Informations remises Négociation sur la rémunération, le temps de travail et le partage de la valeur ajoutée Les informations remises aux organisations syndicales consistent notamment en :
Moyennes des rémunérations par catégorie, sexe et position Syntec ;
Modalités et organisation du travail : nombre de télétravailleurs et nomades et variation entre l’année N et l’année N-1 ;
Temps de travail : nombre de collaborateurs travaillant à temps plein, à temps partiel ;
Moyenne des avantages en nature véhicule par catégorie, sexe et position Syntec ;
Nombre d’heures d’astreintes et d’heures supplémentaires effectuées par département ;
Comparatif de rémunération théorique vs réelle, payée sur l’année fiscale en cours pour la population éligible au versement d’une part variable.
Elles sont remises au plus tard
2 semaines avant la 1ère réunion de négociation.
Négociation sur l’égalité professionnelle entre les femmes et les hommes et la diversité Les informations remises aux organisations syndicales consistent notamment, lorsque l’effectif de la catégorie le permet, en un état comparé de la situation des hommes et des femmes comprenant les informations suivantes : sexe, âge, type de contrat de travail, ancienneté, intitulé de poste, statut, classification, durée du travail, salaire. Elles sont remises au plus tard
2 semaines avant la 1ère réunion de négociation.
Négociation sur la qualité de vie et des conditions de travail Les informations remises sont déterminées en amont de la réunion de négociation. Elles sont remises au plus tard
2 semaines avant la 1ère réunion de négociation.
Négociation sur la gestion des emplois et des parcours professionnels et la mixité des métiers Les informations remises aux organisations syndicales consistent notamment, en un bilan du précédent accord sur le même thème ainsi qu’un diagnostic qualitatif et quantitatif de l'emploi, des métiers et des compétences existants dans l'entreprise incluant un bilan des entretiens professionnels. Elles sont remises au plus tard
2 semaines avant la 1ère réunion de négociation.

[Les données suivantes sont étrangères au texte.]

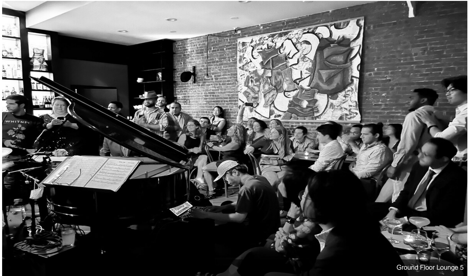
Ground Floor Lounge 5
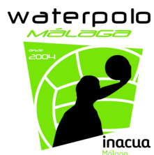
CDW Málaga Andalucía, ES 3 teams
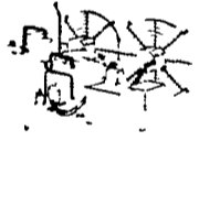
TECUMSEH Condensing Units
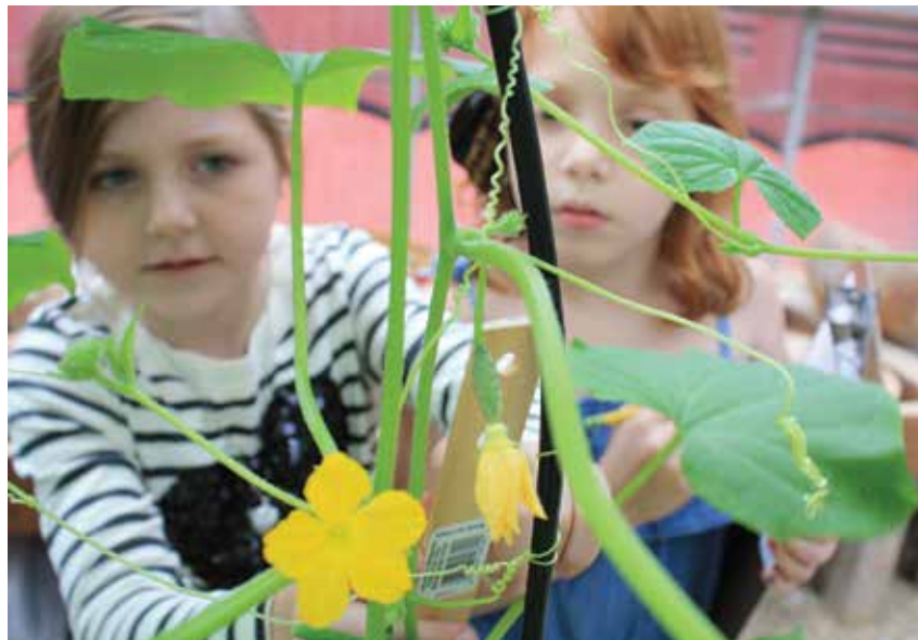
Measuring cucumber fruit and flowers

Once the plants had sprouted, students transplanted seedlings to the hydroponics system in the school’s greenhouse. While there, students were introduced to the parts and functions of the hydroponics system. We noted that there was no soil. However, plants do need something that’s found in soil—nutrients. Students were shown the nutrient solution used to supplement the water in the reservoir. One student asked, “So plants need nutrients just like
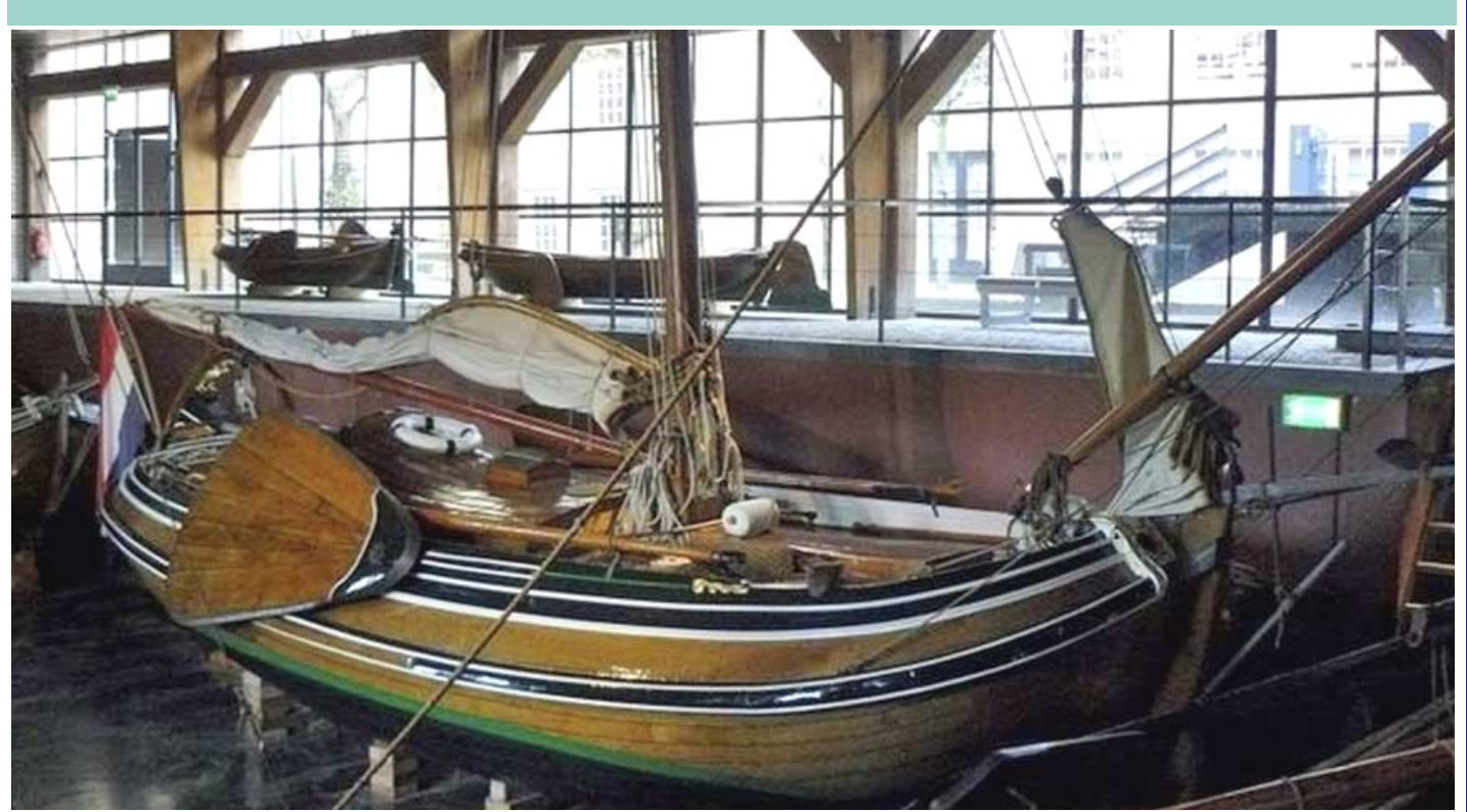
Sperwer (Sparrow Hawk) 31 ft. (9.5 m) LOA - 27 ft. (8.3 m) WL - 10 Tons - 1,000 sq.ft. (93 sq.m) Sail Area

Dispositions finales Durée et révision de l’accord Les Parties conviennent que le présent accord est conclu pour une durée déterminée de 1 an. Il entrera en vigueur à compter de sa date de signature. Le présent accord pourra être révisé dans les conditions prévues par le code du travail. Toute modification du présent accord donnera lieu à l'établissement d'un avenant. Ce dernier sera soumis aux mêmes formalités de publicité et de dépôt que celles donnant lieu à la signature du présent accord. Formalités de dépôt et publicité Le présent accord, accompagné des pièces prévues à l'article D.2231-7 du code du travail, fait l'objet d'un dépôt dématérialisé sur la plateforme « TéléAccords ». Conformément aux dispositions de l'article D.2231-2 du code du travail, un exemplaire de l'accord est également remis au secrétariat-greffe du Conseil de prud'hommes de NANTERRE. Suite à sa signature, l’accord sera notifié par la Direction aux Organisations syndicales représentatives. Le présent accord sera mis à disposition des salariés via la plateforme documentaire de la société Generix Group.

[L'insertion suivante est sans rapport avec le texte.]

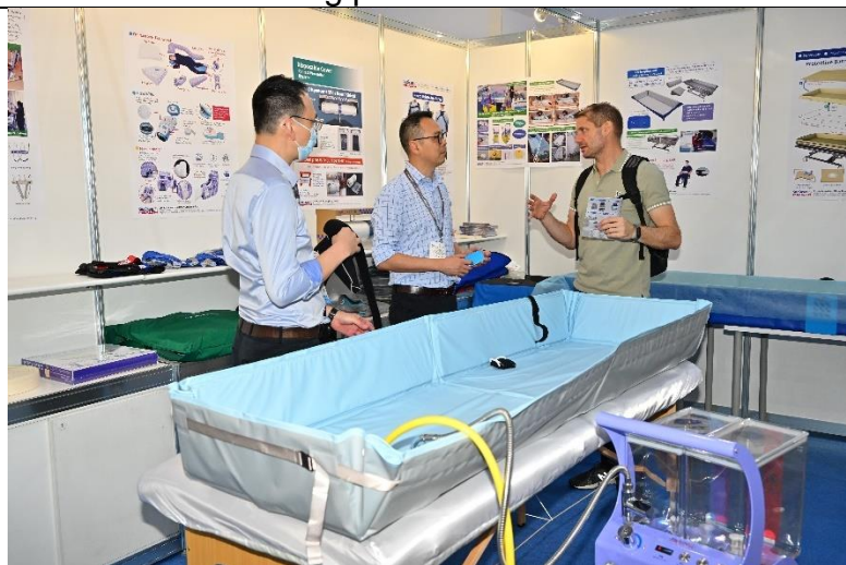
This year's Medical Fair features eight key product zones, including Biotechnology , Hospital Equipment and Rehabilitation and Elderly Care .
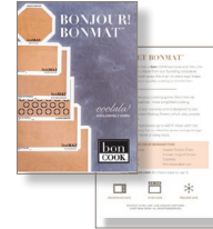
Product Card Sample
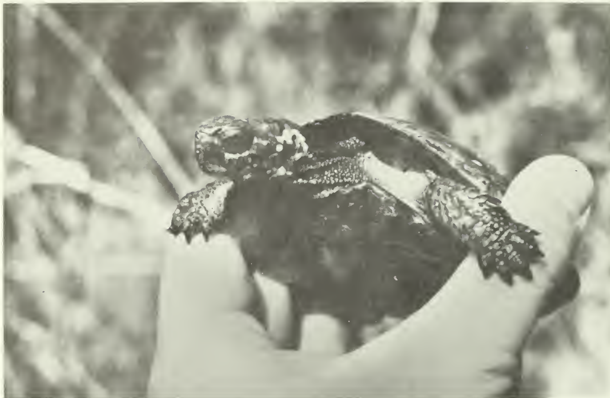
Fig. 1. Adult bog turtle.
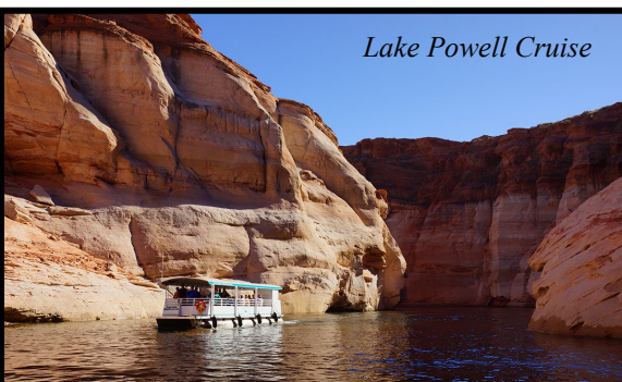
Lake Powell Cruise

Although there will be plenty of photo-op turnouts and short hikes to various vistas, many of the top sites will be visible from the comfort of our motor coach. This region contains some of the top scenic drives in America, including Hwy 163 through Monument Valley, Hwy 128 , Hwy 12 , and Hwy 9 through Utah, and Hwy 89A in Arizona. We'll drive them all, while hitting the highlights of each national park along the way.
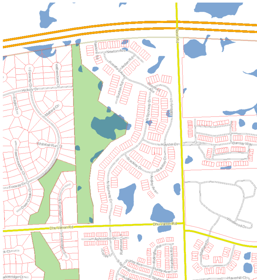
Figure 1 - Buttonbush Nature Area

The land is currently zoned R4A With Conditions, as is the adjacent North Oaks of Ann Arbor site.

Fait à PUTEAUX, le 29 janvier 2026,
Par signature électronique* et communiqué à l’ensemble des Parties, * Etant entendu que le dispositif de signature électronique utilisé est conforme aux dispositions de l'article 1367 du Code civil et à la règlementation européenne puisqu’elle garantit l'identification du signataire et son lien avec l'acte signé ainsi que l'impossibilité de modifier ultérieurement les données.